The Crossing, Hawkins' latest album, finds her surrendering to the past, accepting her father's death, and in the end emerging with happiness she's never known before.

"It's a very positive crossing for me," Hawkins says. "I've just been able to leave the shore of all this struggle and baggage, and it doesn't even matter what's on the other side. It almost doesn't matter where I'm going; it just matters how I'm going."

This year marks Hawkins' 20th anniversary in the music industry. She first erupted on the scene with her debut album Tongues and Tails, which featured the sensual "Damn I Wish I Was Your Lover." That was soon followed by "As I Lay Me Down." While she was riding high on the charts, behind the scenes she was struggling with her record label for creative control over her music. Realizing she wouldn't be able to fully express herself, she decided to chart her own course. Subsequent releases brought critical success but lacked the commercial success she had once experienced.

Hawkins doesn't have regrets. One of the songs on The Crossing is called "Dream Street and Chance." She calls it a "beautiful and complex" song that talks about time.

"I'm standing on the corner of Dream Street and Chance," says Hawkins. "It feels like anything can happen."

She is certainly doing her best to align the stars. In addition to a Broadway musical she's been writing on for the past several years that will reportedly star Kristin Chenoweth, she's also set to portray Janis Joplin in a play this fall. It all started with an idea that her long-time partner, Gigi Gaston, had. Without any hesitation, Hawkins committed to the project. The play, written by Gaston, will tell the story as if Joplin came back 42 years after her death and says all of the things she never got to say.

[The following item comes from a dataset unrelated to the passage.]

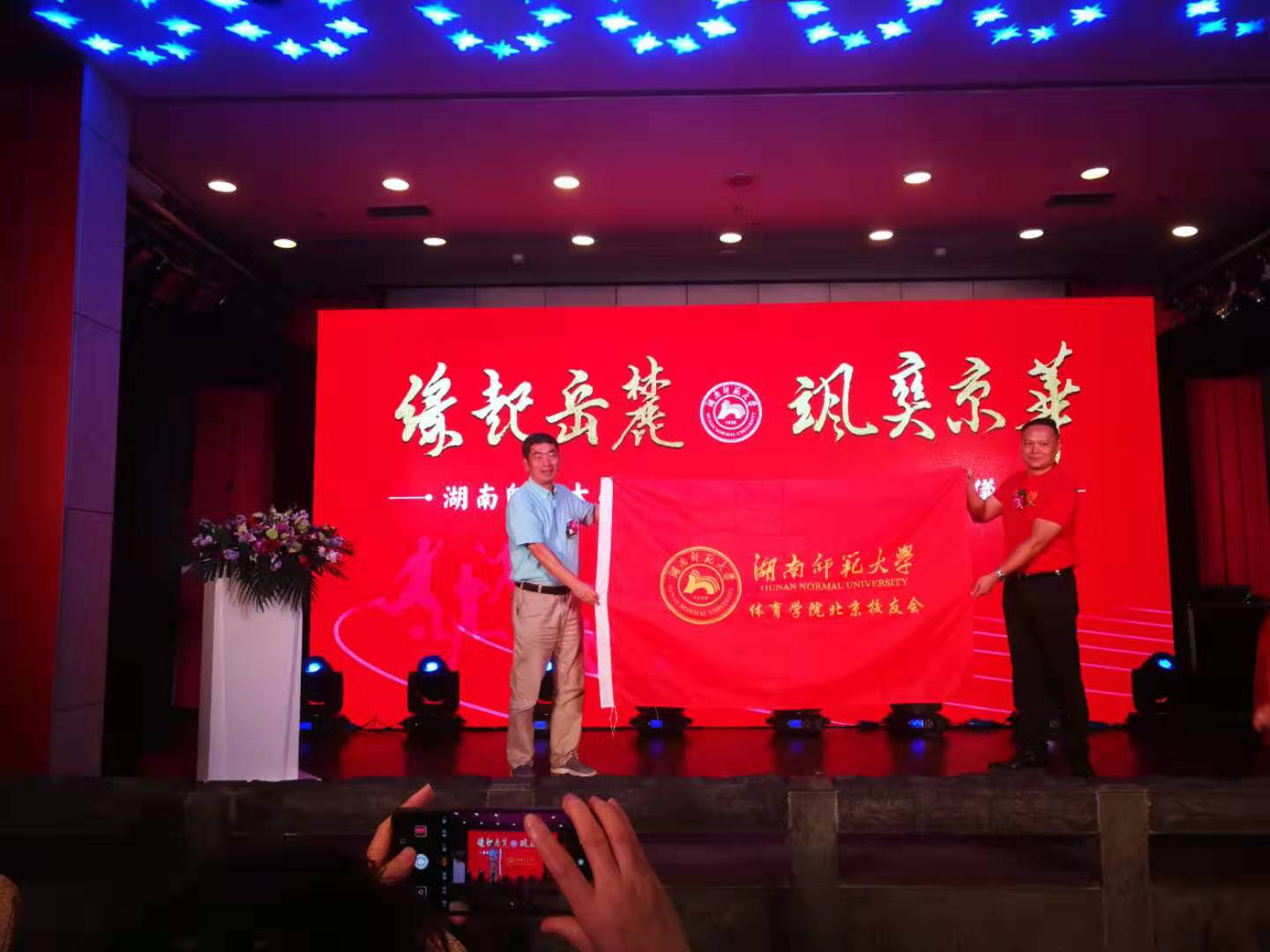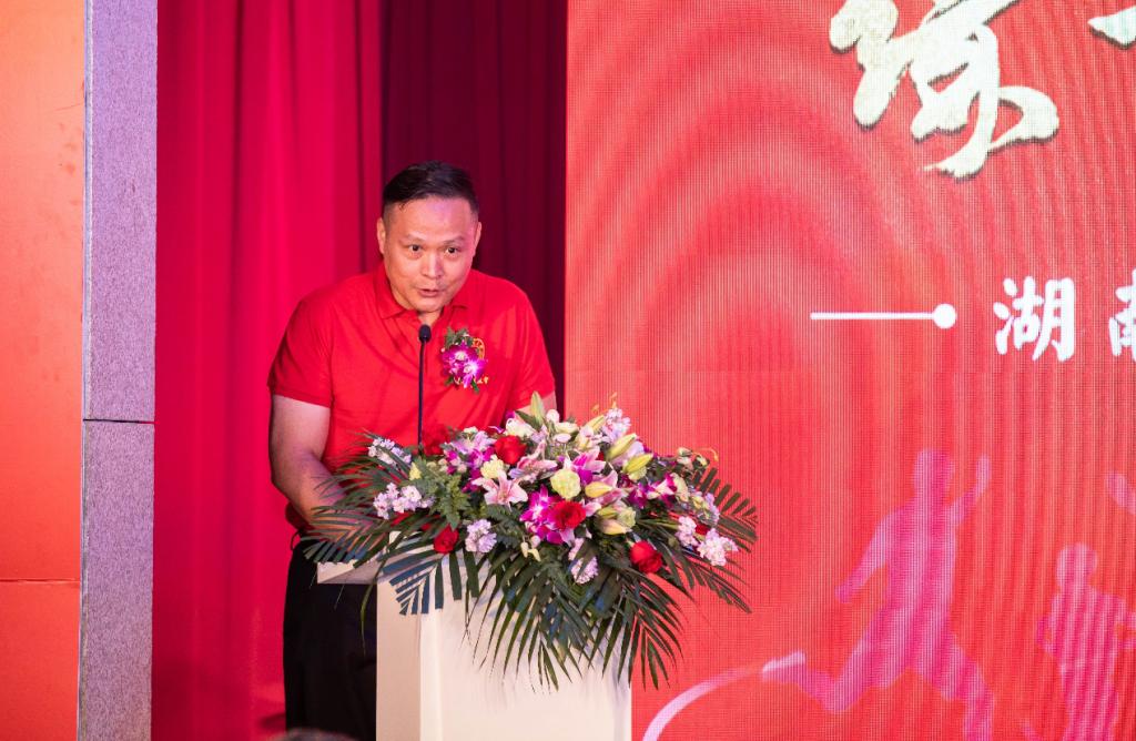 黎大志向员工会授会旗,彭正乔、汤长发、李明辉、李波分别为理事会成员颁发聘书。

At this crossing in Hawkins' life, she is no longer the woman who lives life in the past. She's far too busy designing her future. As she sings in a new song, "Life Is a River," "I won't sit on the banks and let it roll on by me. I need to ride on."

The new album is called The Crossing. What does that mean?

It came from a painting I did that's in the album, of five boats crossing in this misty and romantic sea to a place. I said, "That is like where I'm at right now." I believe that is where humanity is at right now. It reminds me of one of the most influential quotes I've ever read: "Angels get my mansions ready, for we are crossing this misting river one by one."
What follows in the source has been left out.